Ainda, a campanha ao cargo de deputada federal contou com a transferência de apenas R$ 8.000,00 em recursos financeiros do FEFC, os quais foram gastos com publicidade por materiais impressos (R$ 4.406,00) e o coordenador de campanha. No mais, houve o ingresso de R$ 550,00 em recursos próprios, dos quais R$ 500,00 foram utilizados para pagamento da administradora financeira e o restante foi devolvido à agremiação, a título de sobra de campanha (ID 45235869).

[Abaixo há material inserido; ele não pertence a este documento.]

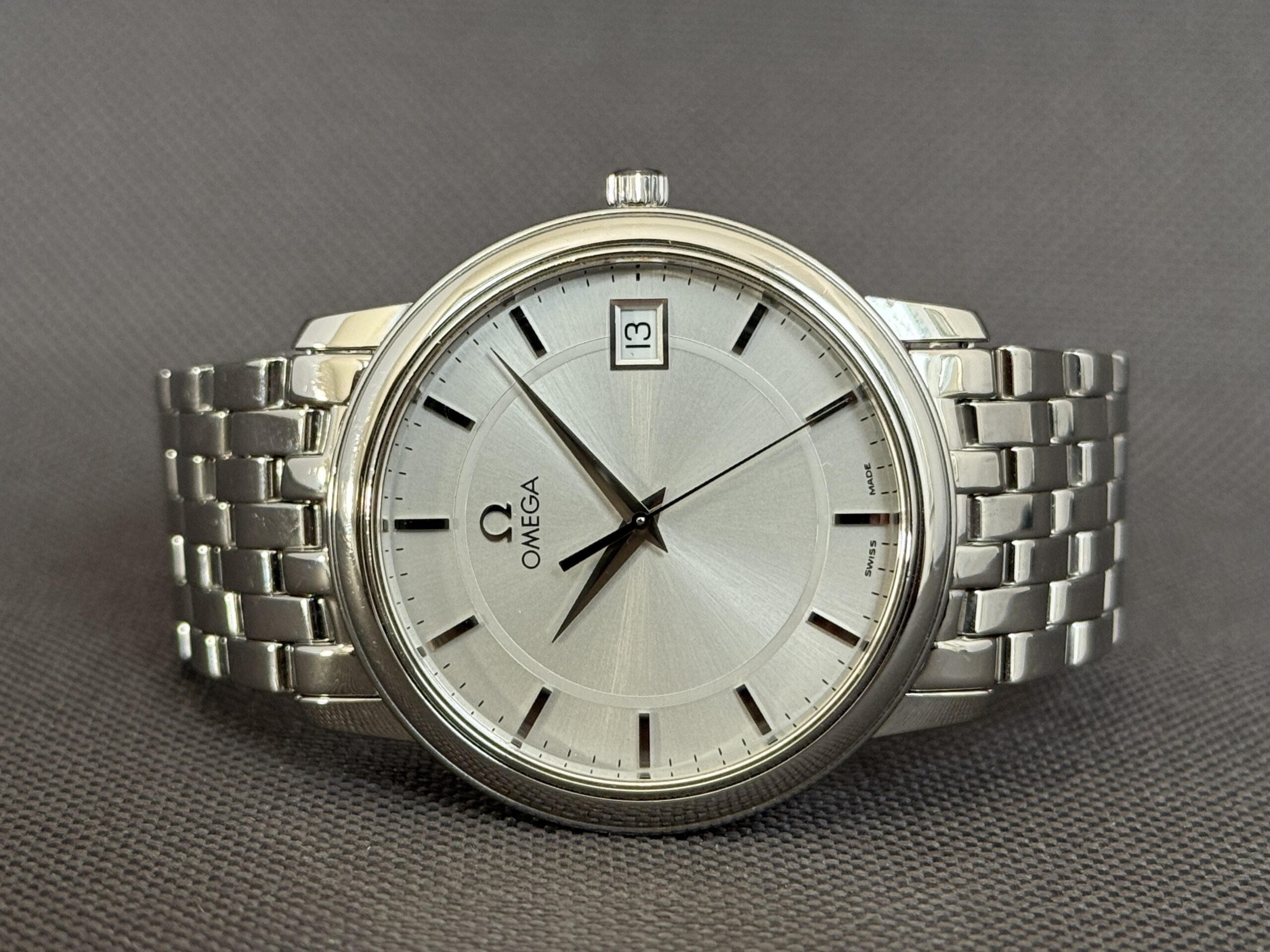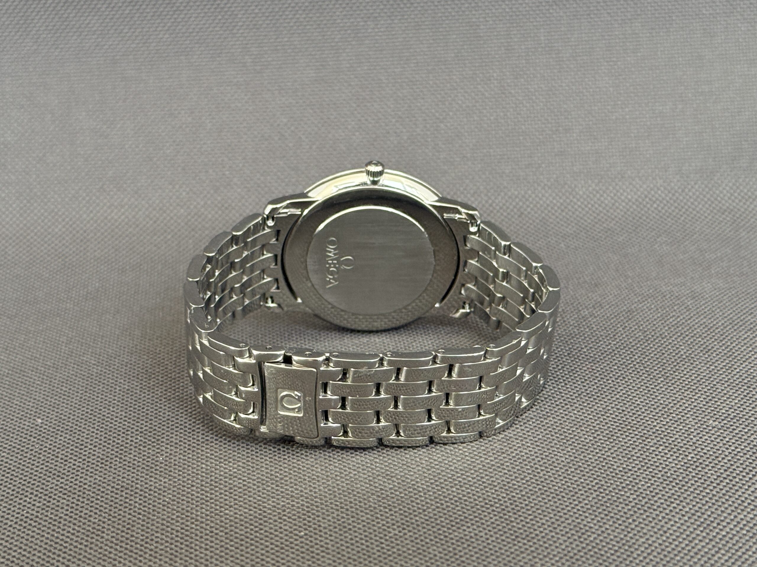 Flot og elegant De Ville Prestige på 34mm som repræsenterer Omega’s klassiske designtradition. Uret drives af Omega’s Quarts Calibre 1532 som kræver minimal vedligeholdelse. Flot og klassisk unisex dressur fra Omega.

Por todo o exposto, entendo inexistentes elementos ou indícios de falhas graves, de modo que a desaprovação da contabilidade se mostraria excessivamente gravosa no caso concreto. A apontada irregularidade consubstancia falha formal, indicativa apenas de anotação de ressalvas no julgamento das contas. Nessa linha, indico o julgamento do processo n. 0603030-34.2022.6.21.0000, de relatoria do Des. Voltaire de Lima Moraes, publicado no DJE em 10.7.2023:

PRESTAÇÃO DE CONTAS. ELEIÇÕES 2022. CANDIDATO NÃO ELEITO. DEPUTADO ESTADUAL. CONTRATAÇÃO DE PESSOAL. PANFLETAGEM. EQUIPE DE MOBILIZAÇÃO DE RUA. RECURSOS DO FUNDO ESPECIAL DE FINANCIAMENTO DE CAMPANHA (FEFC) E DO FUNDO PARTIDÁRIO (FP). FALTA DE DETALHAMENTO. INOBSERVÂNCIA DO ART. 35, § 12, DA RESOLUÇÃO TSE N. 23.607/19. FALHA FORMAL. NÃO PREJUDICADA A FISCALIZAÇÃO DA JUSTIÇA ELEITORAL. PAGAMENTO DE GASTOS COM COMBUSTÍVEIS COM VERBA DO FUNDO PARTIDÁRIO. AUSENTE INSTRUMENTO DE CESSÃO DE VEÍCULO. IRREGULARIDADE CARACTERIZADA. DETERMINAÇÃO DE RECOLHIMENTO DE VALORES AO TESOURO NACIONAL. APROVAÇÃO COM RESSALVAS.

(...)

2. Inconsistências na contratação de pessoal (panfletagem e coordenação de equipe de mobilização de rua) custeada com recursos do Fundo Especial de Financiamento de Campanha – FEFC e do Fundo Partidário, em razão do oferecimento de documentação que não indica a integralidade dos elementos mencionados no § 12 do art. 35 da Resolução TSE n. 23.607/19. Ausência de referência ao local de trabalho e juntada de contratos sem assinatura ou ilegíveis. Entretanto, é possível presumir que cada contratado exerceu as atividades no município de residência, o que, somado à diversidade de funções indicada nas pactuações, justifica as diferenças entre preços contratados, todos dentro da normalidade para a remuneração das atividades de militância e mobilização de rua. As diferentes atividades executadas também justificam remuneração em valores diversos repassados aos prestadores de serviço. Supridas as falhas relativas aos contratos sem assinatura ou ilegíveis com a apresentação das avenças de prestação de serviços, admitidas como provas no processo em prestígio da boa–fé, por não haver elemento que indique que sua confecção ocorreu em momento posterior à indicação das irregularidades no exame das contas. A ausência de indicação de todos os elementos necessários nos contratos configura impropriedade, mas não obstou a fiscalização da Justiça Eleitoral. Falha meramente formal. Afastada a necessidade de recolhimento de valores ao erário. Nesse sentido, precedente deste Tribunal.

(...)

(PRESTAÇÃO DE CONTAS ELEITORAIS nº 060303034, Acórdão, Relator(a) Des. Voltaire De Lima Moraes, Publicação: DJE - Diário de Justiça Eletrônico, Tomo 123, Data 10/07/2023)

 

Diante do exposto, VOTO pela aprovação com ressalvas das contas de VIVIANE DOS SANTOS PEREIRA.